UDCT MNIST Classification

This example demonstrates how to use UDCTModule as a feature extractor for image classification on the MNIST dataset.

Instead of using convolutional layers, this network:

  1. Applies the Uniform Discrete Curvelet Transform (UDCT) to each image

  2. Uses all curvelet coefficients as features (every pixel in every wedge)

  3. Passes features through a two-layer MLP to classify into 10 digit classes

The key insight is that curvelet coefficients capture directional information at multiple scales, providing a meaningful representation for classification.

Architecture Overview

  • Input: MNIST images (28x28 grayscale)

  • Feature extraction: UDCTModule transforms each image into curvelet coefficients

  • Features: All coefficient values (every pixel in every wedge) form the feature vector

  • Classification: Two-layer MLP (Linear -> ReLU -> Linear) maps features to 10 classes

  • Batch processing: torch.vmap enables efficient batched inference

Credits

This example is adapted from the PyTorch MNIST example.

# sphinx_gallery_thumbnail_number = 2

from __future__ import annotations
import matplotlib.pyplot as plt
import torch
import torch.nn.functional as F
from sklearn.manifold import TSNE
from torch import nn, optim
from torch.optim.lr_scheduler import StepLR
from torchvision import datasets, transforms

from curvelets.torch import UDCTModule

UDCTNet: Curvelet-Based Classifier

This network replaces convolutional layers with the curvelet transform. The key components are:

  1. UDCTModule: Computes curvelet coefficients for each image

  2. Feature extraction: Uses all coefficient values as features

  3. Two-layer MLP: Maps features to class probabilities

We use torch.vmap to efficiently process batches of images.

class UDCTNet(nn.Module):  # type: ignore[misc]
    """Neural network using UDCT for feature extraction."""

    def __init__(
        self,
        shape: tuple[int, int] = (28, 28),
        num_scales: int = 2,
        wedges_per_direction: int = 3,
        hidden_size: int = 128,
    ) -> None:
        super().__init__()
        self.udct = UDCTModule(
            shape=shape,
            num_scales=num_scales,
            wedges_per_direction=wedges_per_direction,
        )
        # Precompute number of features via dummy forward pass during init
        # UDCTModule returns flattened coefficients (all pixels in all wedges)
        with torch.inference_mode():
            dummy = torch.zeros(shape)
            n_features = self.udct(dummy).numel()
        self.fc1 = nn.Linear(n_features, hidden_size)
        self.fc2 = nn.Linear(hidden_size, 10)
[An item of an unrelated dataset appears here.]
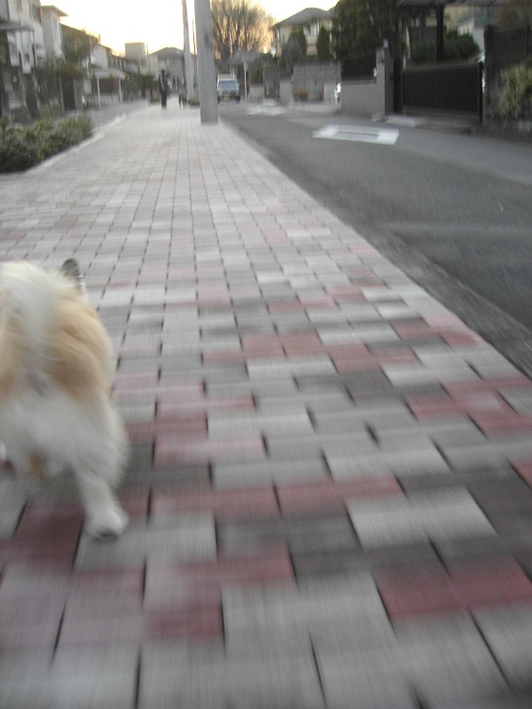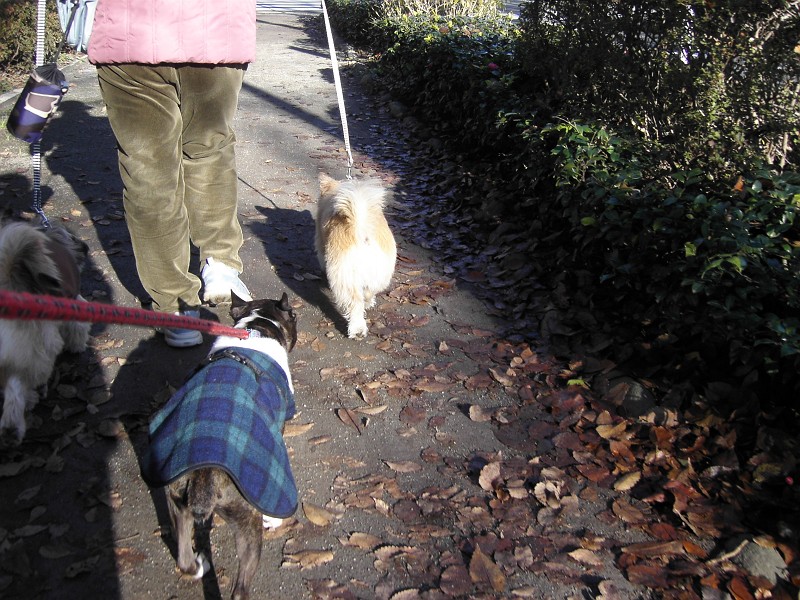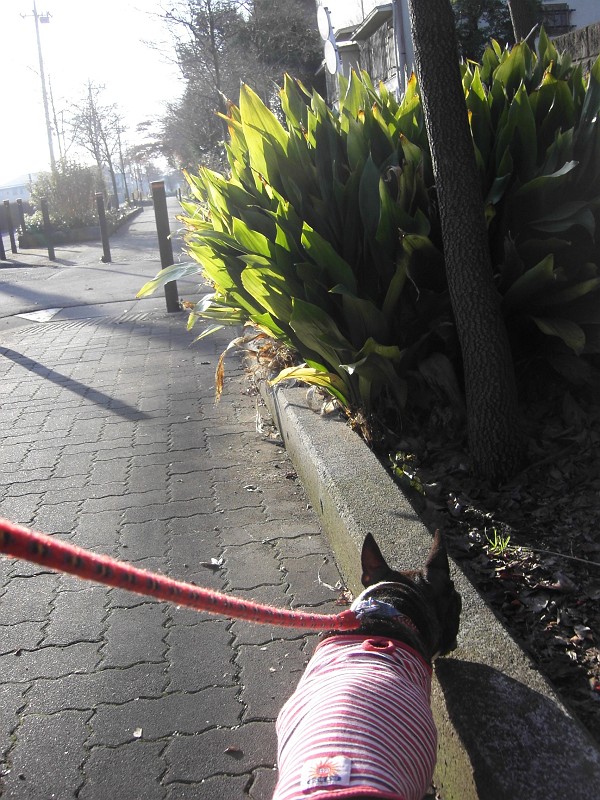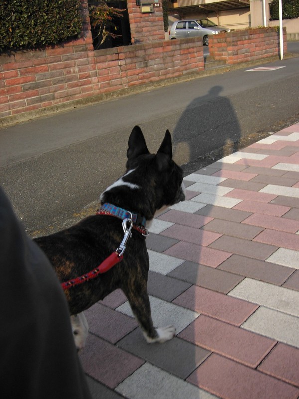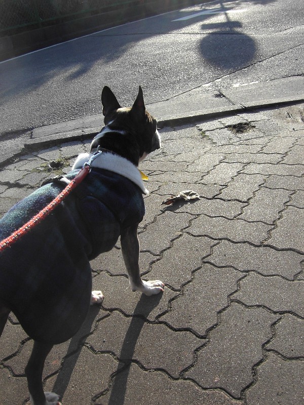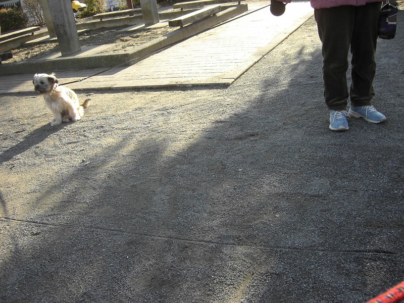 最近、ピッピは、散歩の途中で自主的におすわりします。

    def _extract_features(self, x: torch.Tensor) -> torch.Tensor:
        """Extract all curvelet coefficients from a single 2D image."""
        # UDCTModule returns flattened coefficients - take abs to get real features
        return self.udct(x).abs()

    def forward(self, x: torch.Tensor) -> torch.Tensor:
        """Forward pass with batched curvelet feature extraction."""
        # x: (batch, 1, 28, 28) -> squeeze to (batch, 28, 28)
        x = x.squeeze(1)
        # Use vmap for batch processing
        features = torch.vmap(self._extract_features)(x)
        x = F.relu(self.fc1(features))
        return F.log_softmax(self.fc2(x), dim=1)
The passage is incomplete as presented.